One of Ardern’s predecessors, Helen Clark, said she was “in a state of shock” about what had happened in a country renowned for its peacefulness.
“This isn’t the NZ we know and love. It’s an unprecedented attack. Deepest sympathies to families. RIP,” she tweeted.
António Guterres, the UN secretary general, condemned the shooting “of innocent people as they prayed peacefully in mosques in New Zealand”, adding: “Today and every day, we must stand united against anti-Muslim hatred, & all forms of bigotry & terror.”
Two of the most high-profile leaders in the Muslim world offered their sympathies but pointed out that the attacks had occurred in a climate of increasing Islamophobia.
“I strongly condemn the terror attack against Al Noor mosque in New Zealand and Muslim worshippers,” said Turkey’s president, Recep Tayyip Erdoğan. “May Allah have mercy on the victims and grant a speedy recovery to the wounded.
Imran Khan, who was elected prime minister of Pakistan last summer, said the attacks confirmed what he had always maintained: “that terrorism does not have a religion.”
Pope Francis says he is "deeply saddened to learn of the injury and loss of life caused by the senseless acts of violence."
In a telegram, the Pope said he "assures all New Zealanders, and in particular the Muslim community, of his heartfelt solidarity in the wake of these attacks."
The Pope added that he was "mindful of the efforts of the security and emergency personnel in this difficult situation."
The French president, Emmanuel Macron, offered his solidarity.
“All our thoughts are with the victims of the heinous crimes against the mosques of Christchurch, New Zealand, and with their loved ones,” he said. “France stands against all forms of extremism and acts with its partners against terrorism in the world.”

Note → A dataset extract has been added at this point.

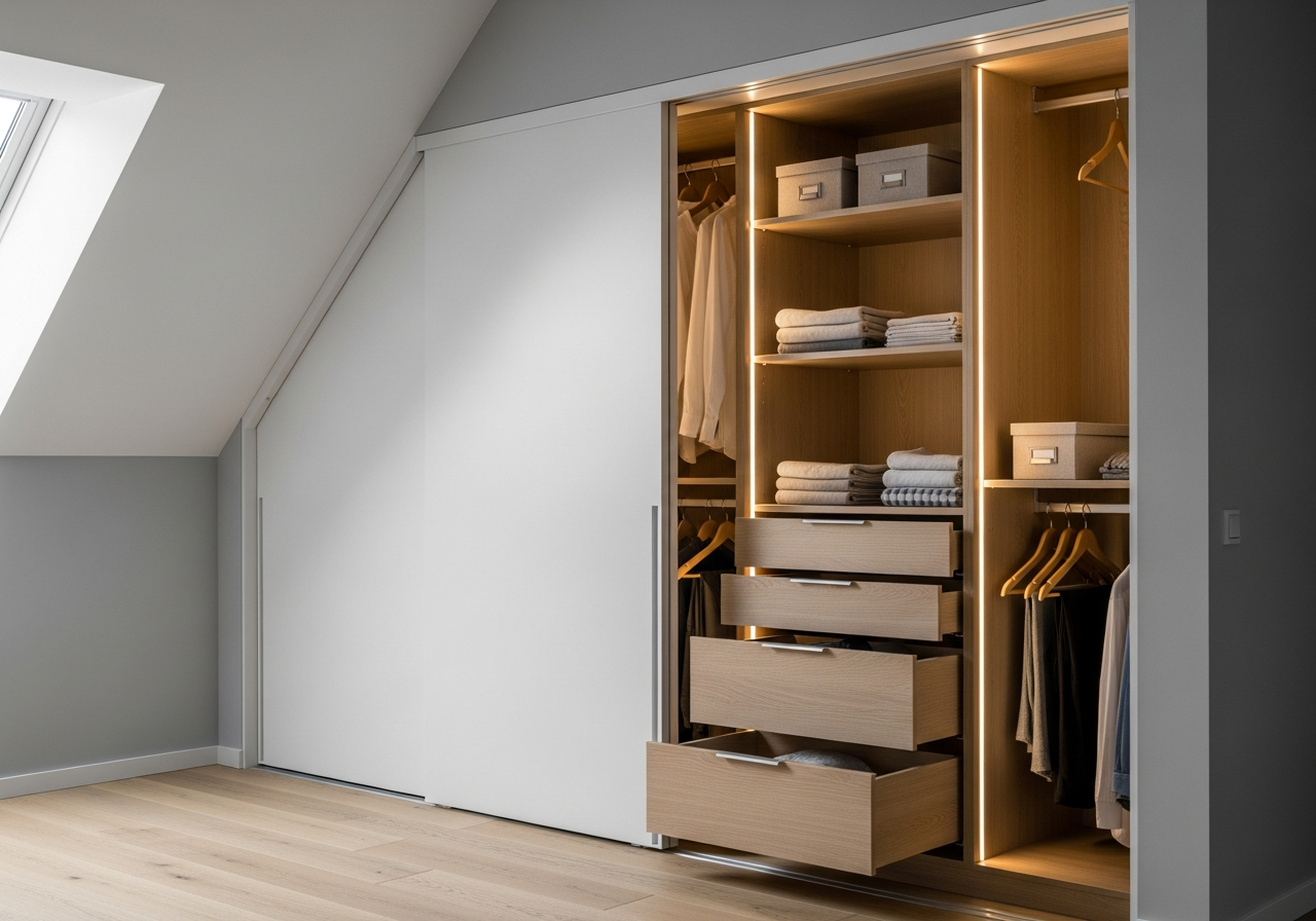 Jak praktycznie zagospodarować wnętrze szafy pod skosem?

The Spanish government said it “forcefully condemns” the attacks.
“As well as wishing a swift recovery to the injured, the government offers its most sincere condolences to the friends and relatives of the victims, as well as to the people and government of New Zealand, a close ally in the shared fight against extremism and terrorism,” it said in a statement.
Former US president Barack Obama in a tweet said: "Michelle and I send our condolences to the people of New Zealand. We grieve with you and the Muslim community. All of us must stand against hatred in all its forms."
Former US secretary of state Hillary Clinton tweeted " My heart breaks for New Zealand & the global Muslim community. We must continue to fight the perpetuation and normalization of Islamophobia and racism in all its forms.
"White supremacist terrorists must be condemned by leaders everywhere. Their murderous hatred must be stopped."